> _Data for this exercise_:
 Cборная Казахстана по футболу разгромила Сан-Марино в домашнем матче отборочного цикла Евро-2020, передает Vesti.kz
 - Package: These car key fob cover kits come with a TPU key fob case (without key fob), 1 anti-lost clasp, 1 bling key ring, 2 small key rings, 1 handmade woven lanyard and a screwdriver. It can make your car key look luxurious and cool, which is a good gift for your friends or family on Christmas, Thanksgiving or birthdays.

---

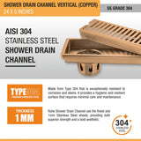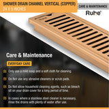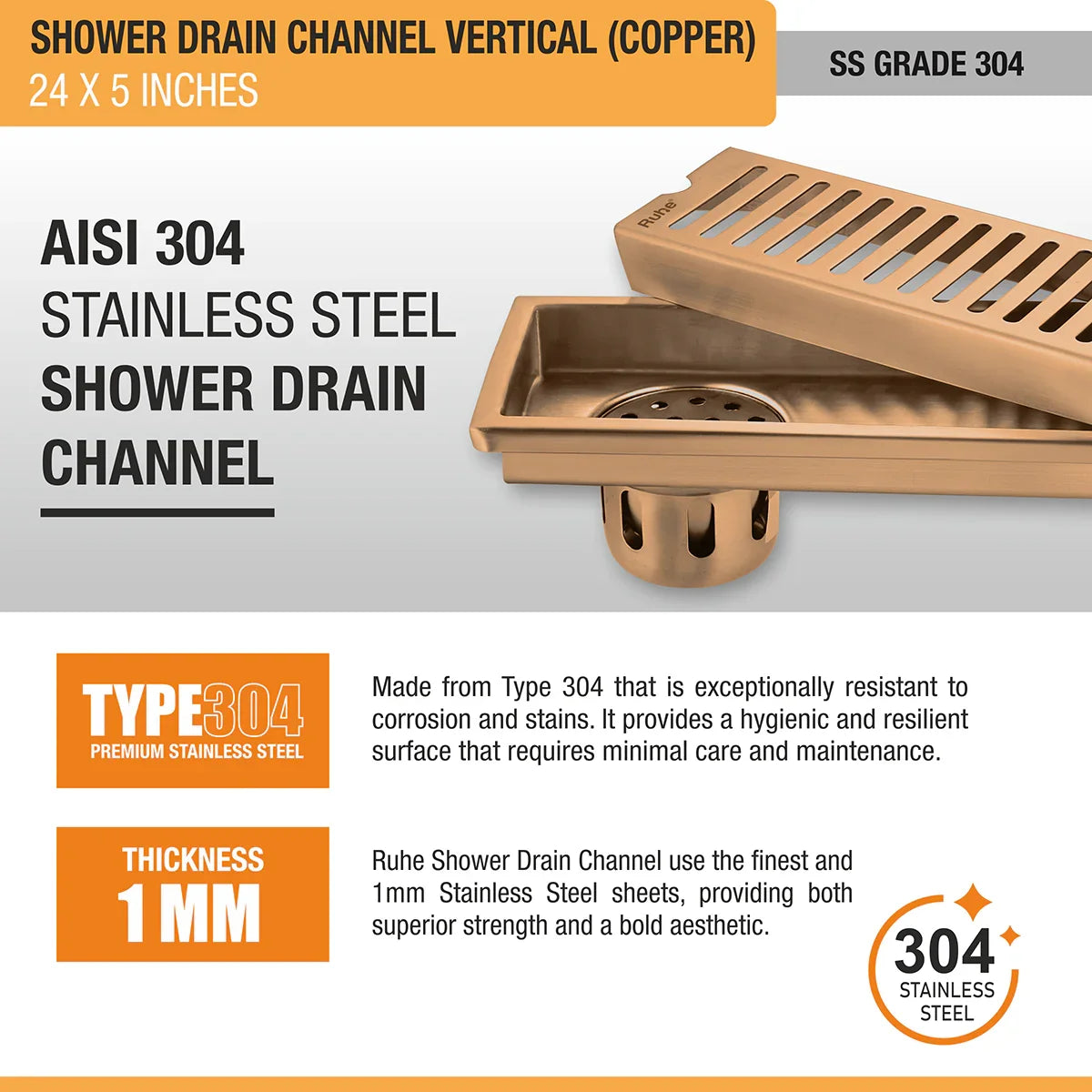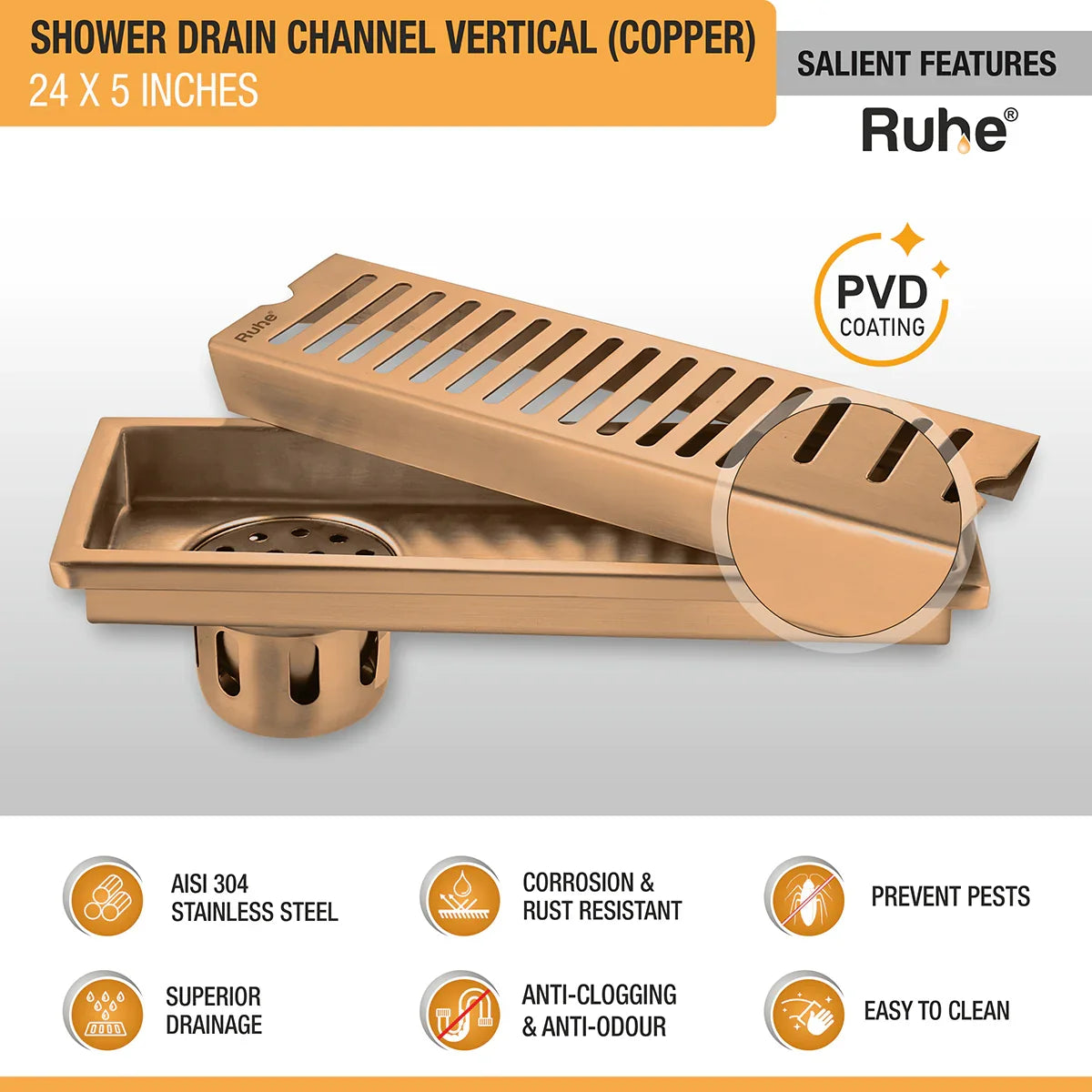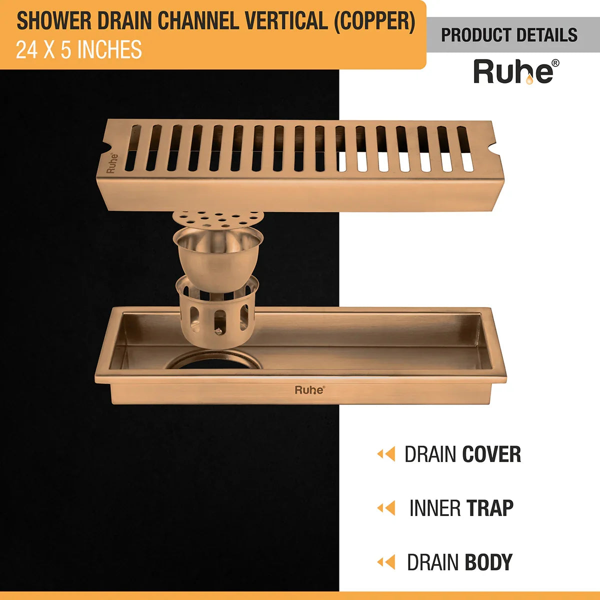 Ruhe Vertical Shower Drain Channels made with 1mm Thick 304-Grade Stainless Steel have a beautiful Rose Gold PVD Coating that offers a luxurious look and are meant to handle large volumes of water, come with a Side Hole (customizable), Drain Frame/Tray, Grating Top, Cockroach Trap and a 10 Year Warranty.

--

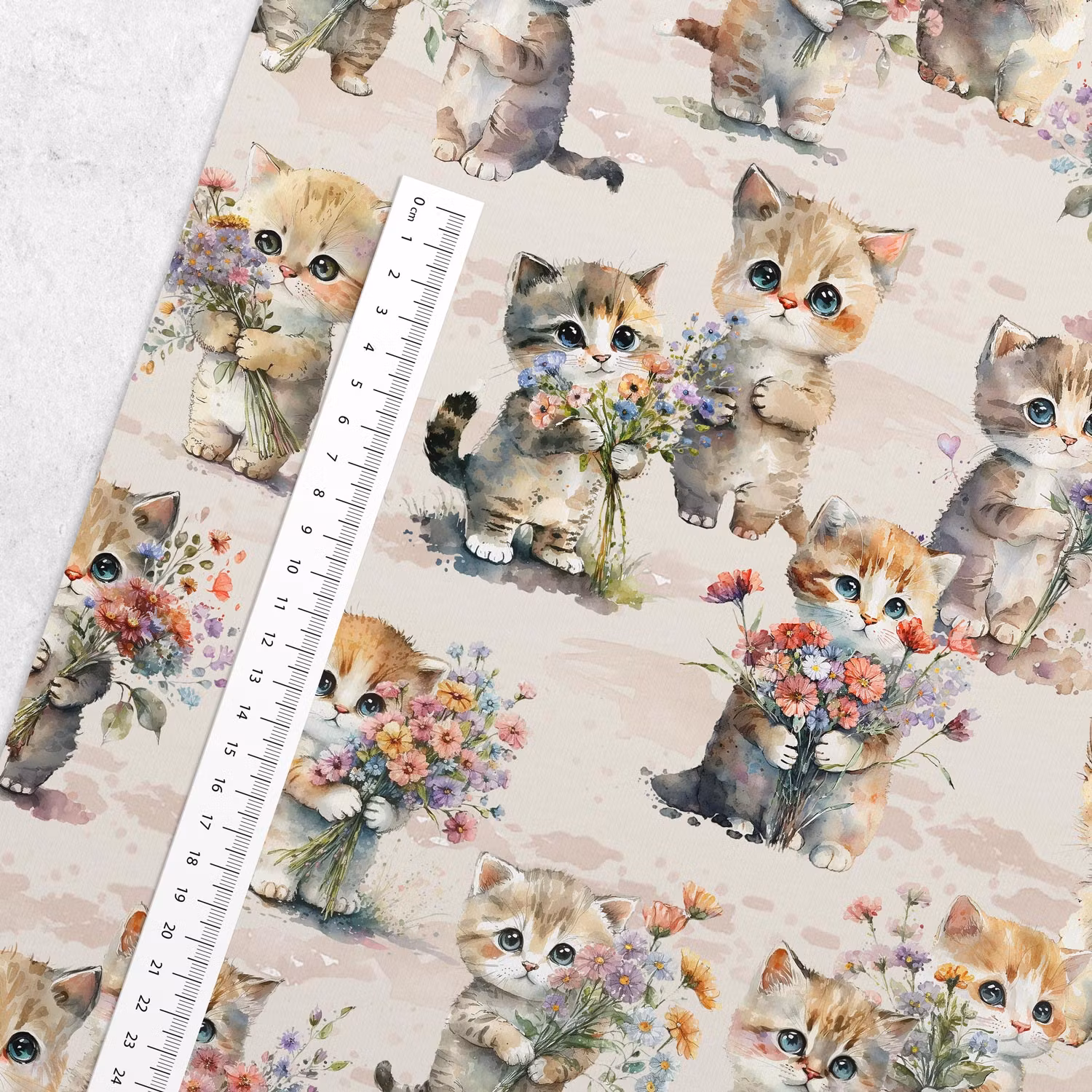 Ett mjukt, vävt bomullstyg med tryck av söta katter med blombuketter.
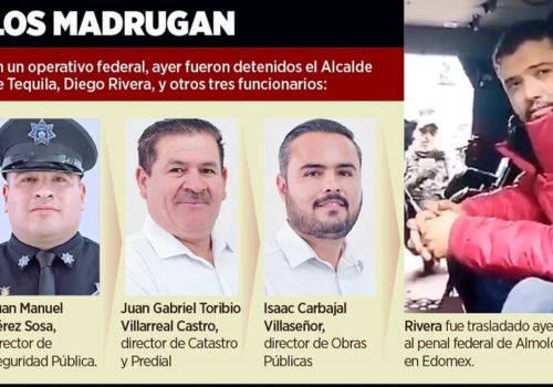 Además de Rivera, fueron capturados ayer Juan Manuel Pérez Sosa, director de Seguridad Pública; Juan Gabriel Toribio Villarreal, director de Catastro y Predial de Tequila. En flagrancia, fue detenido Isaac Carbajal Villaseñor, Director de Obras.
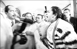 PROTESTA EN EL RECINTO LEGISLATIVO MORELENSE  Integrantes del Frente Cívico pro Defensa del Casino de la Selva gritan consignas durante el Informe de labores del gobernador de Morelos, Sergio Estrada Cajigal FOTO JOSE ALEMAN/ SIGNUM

> _Work instruction_: Starting at the line above with "Además de Rivera, fueron", output every line exactly up to and including the line with "PROTESTA EN EL", but none of the pictures.

> _Exercise output_:
 Además de Rivera, fueron capturados ayer Juan Manuel Pérez Sosa, director de Seguridad Pública; Juan Gabriel Toribio Villarreal, director de Catastro y Predial de Tequila. En flagrancia, fue detenido Isaac Carbajal Villaseñor, Director de Obras.
 PROTESTA EN EL RECINTO LEGISLATIVO MORELENSE  Integrantes del Frente Cívico pro Defensa del Casino de la Selva gritan consignas durante el Informe de labores del gobernador de Morelos, Sergio Estrada Cajigal FOTO JOSE ALEMAN/ SIGNUM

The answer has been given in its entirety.